SYSTEM_CONSOLE v2.4.0

Context Governance for Enterprise AI

How to make AI outputs controllable by governing what context is allowed, how it is retrieved, and how it is audited.

LAST_UPDATED: 2025-05

Most enterprise AI failures are not “model problems.” They come from poor context control. Common issues include retrieving the wrong data, exposing too much information, allowing sensitive content to leak into prompts, or the inability to explain where an answer came from. If you cannot govern context, you cannot make AI reliable, compliant, or safe to operate.

This blueprint describes how to govern AI context across documents and structured data using explicit classification, policy enforcement, traceability, and operational controls.

Governance at a glance

Logical architecture: sources to consumers, with governance control points.

Governance at a glance

Context types and classification

Context typically comes from three buckets. Each requires different controls.

1. Unstructured documents

  • • Policies, runbooks, wikis, PDFs
  • • Risks: outdated content, conflicting sources, prompt injection

2. Structured data

  • • Tables, metrics, events
  • • Risks: row-level exposure, inference leakage, stale snapshots

3. Tool outputs

  • • API calls, search results
  • • Risks: uncontrolled access, exfiltration, unvalidated outputs

Classification Model

Public No access restrictions. Safe for any user or external channel.
Internal Employees only. Not for external sharing or public indexes.
Confidential Restricted to specific roles or teams. Requires explicit access grant.
Restricted Highest sensitivity. Tightly scoped retrieval; audit required on every access.
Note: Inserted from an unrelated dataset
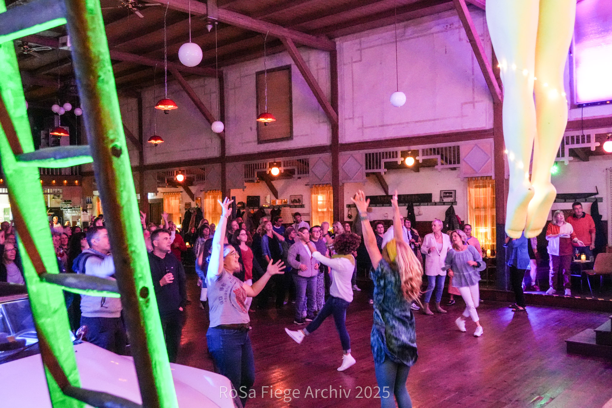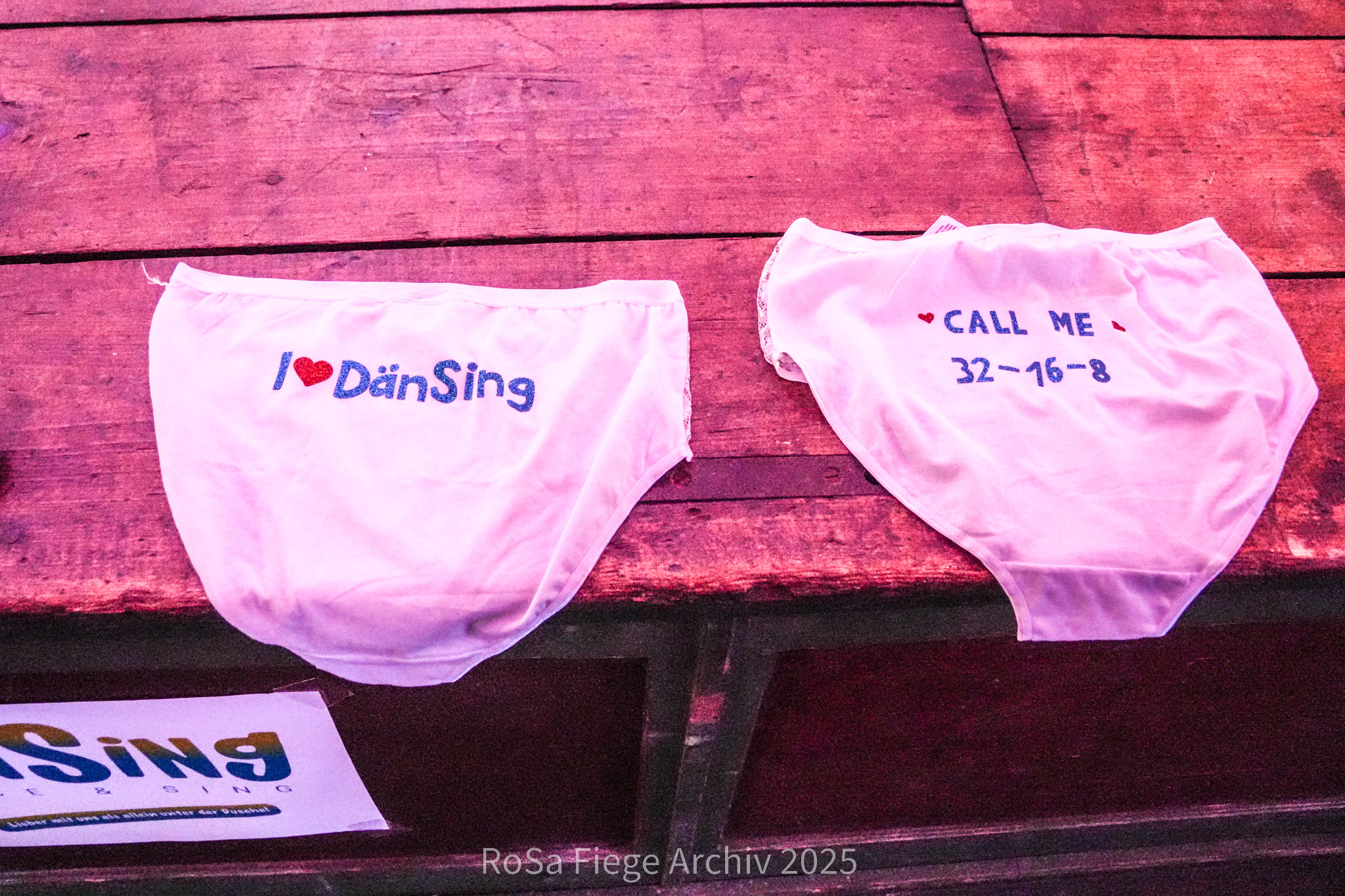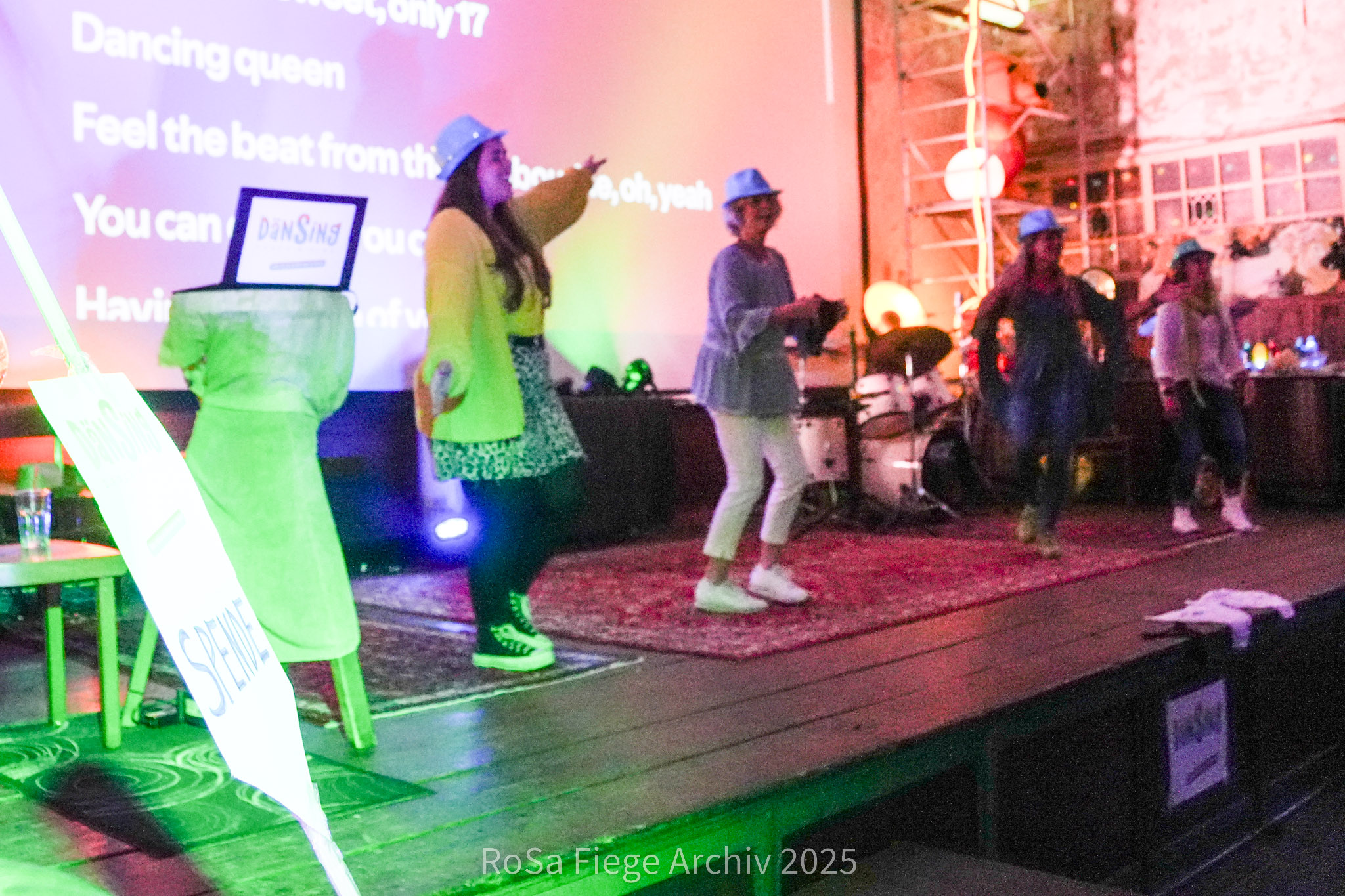Getreu ihrem Motto „Laut muss, schön darf“ animierten sie das Publikum zum stimmgewaltigen Mitmachen. Unterstützt von rund 160 Gästen wurde gesungen, getanzt und charmant durch den Abend moderiert. Die Songs aus diversen Jahrzehnten kamen vom Band, die Texte vom Beamer und die Stimmung von Herzen. Zu „No no never“ von Texas Lightning schwangen die DänSing-Queens ihre Cowboyhüte, begrüßten das „Liebe Glück“ von Max Raabe, philosophierten über „Leichtes Gepäck“ von Silbermond und feierten ab zu Gloria Gaynors „I will survive“. Mittendrin flogen sogar – eigens mit DänSing-Logo designte – Dessous auf die Bühne. Auf derart humorvolle Weise brachte eine besonders kreative Anhängerin ihre Begeisterung zum Ausdruck und sorgte so für einen unvergesslichen Show-Moment.
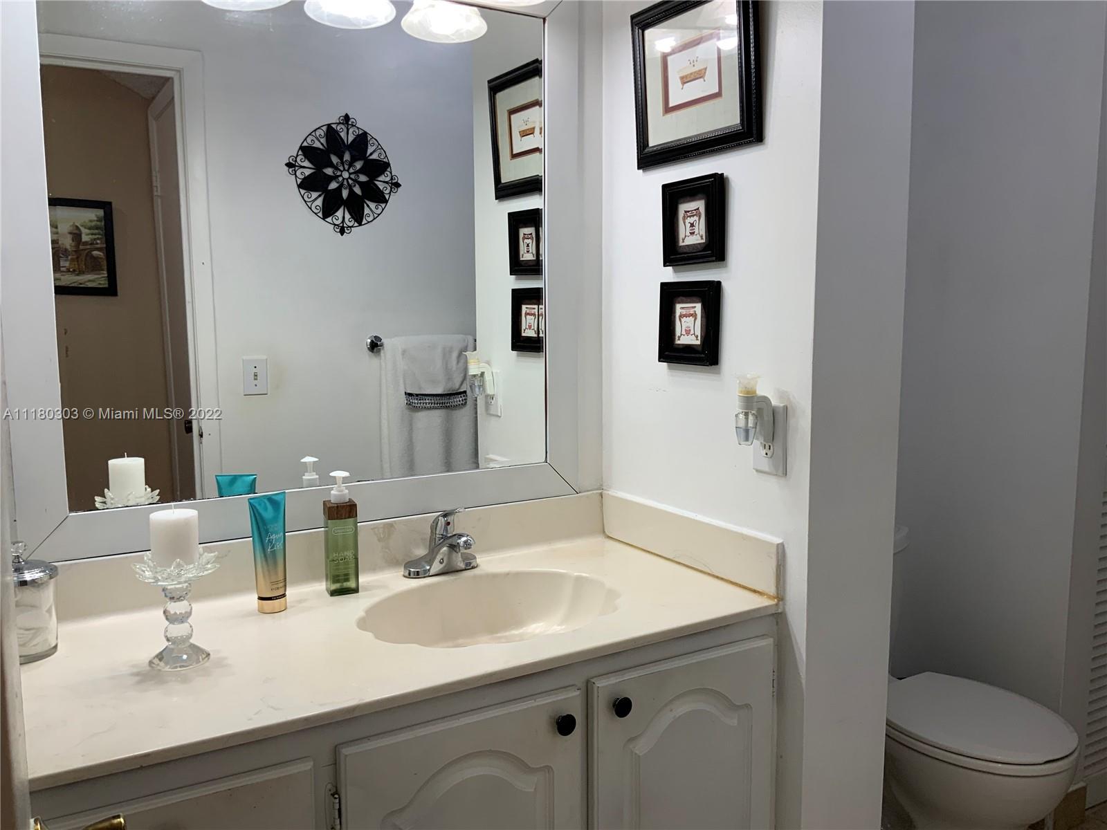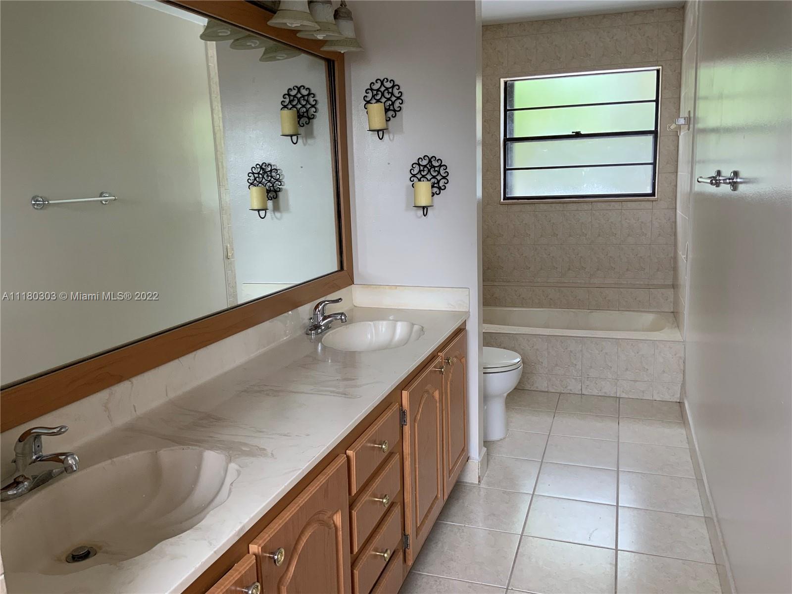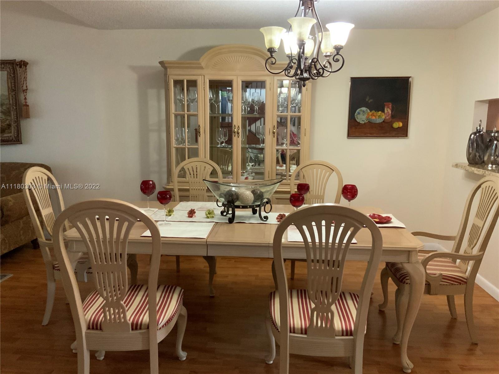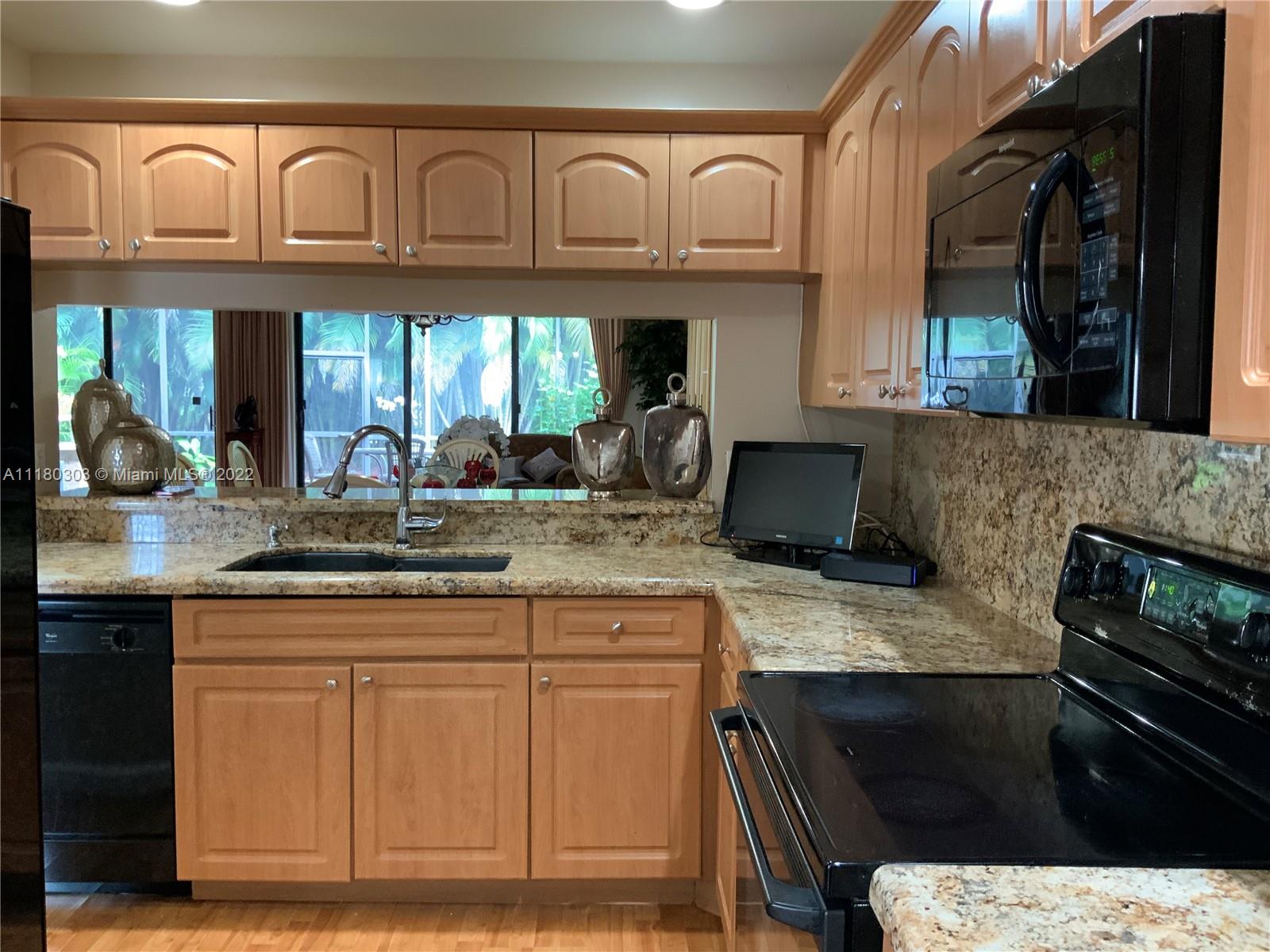 Lovely townhome with nice tiled front courtyard. Spacious open floor plan with volume ceilings, updated kitchen with beautiful granite top, plenty of cabinet space, nice size pantry, breakfast nook, one bedroom and full bath downstairs.Second floor features the huge master bedroom with plenty of closet space, bathroom with double sink, shower and tub.Lovely screened back patio , pavers, nice fountain and outdoor sink, very private, ideal to enjoy all year round. This home is a 3 bedrooms as per public records but presently used as a 2 bedroom and easy to convert to a third bedroom. Accordion shutters, tiled garage with garage door opener and 2 more parking spaces in driveway. Walking distance to school and great clubhouse with gym, pool, tennis and racket ball, party room, restaurant.

Every context item should carry: owner, domain, classification, retention, version, and last-updated timestamp.

Governance goals

  • 01 Least privilege for context: Users only retrieve what they are allowed to see.
  • 02 Traceability: Every answer links to sources and versions.
  • 03 Change control: Content updates do not silently change behavior.
  • 04 Operational safety: Guardrails against prompt injection, tool misuse, and runaway costs.
  • 05 Quality: Context freshness and coverage are measurable, not assumed.

Key takeaways

  • Context is a governed asset, not just a convenience layer.
  • Retrieval is an access path that must be secured like an API.
  • Observability should include retrieval traces and source versioning.
  • Good governance depends more on the operating model than the tooling.

Non-goals

  • ×Not a vendor selection guide
  • ×Not a full compliance program
  • ×Not a full ML lifecycle blueprint (training, MLOps)

Failure modes

  • ! “Everyone can search everything” becomes the default.
  • ! No source versioning, so answers change and nobody knows why.
  • ! Sensitive text leaks into prompts or logs.
  • ! Prompt injection in documents causes unsafe tool calls.
  • ! “Looks correct” replaces evaluation and drift detection.

Checklist

  • Context classification exists and is applied to sources.
  • Every context source has an owner and an update process.
  • Retrieval enforces policy (RBAC/ABAC) and logs decisions.
  • The system stores retrieval traces and cites sources.
  • There is a defined incident process for AI failures.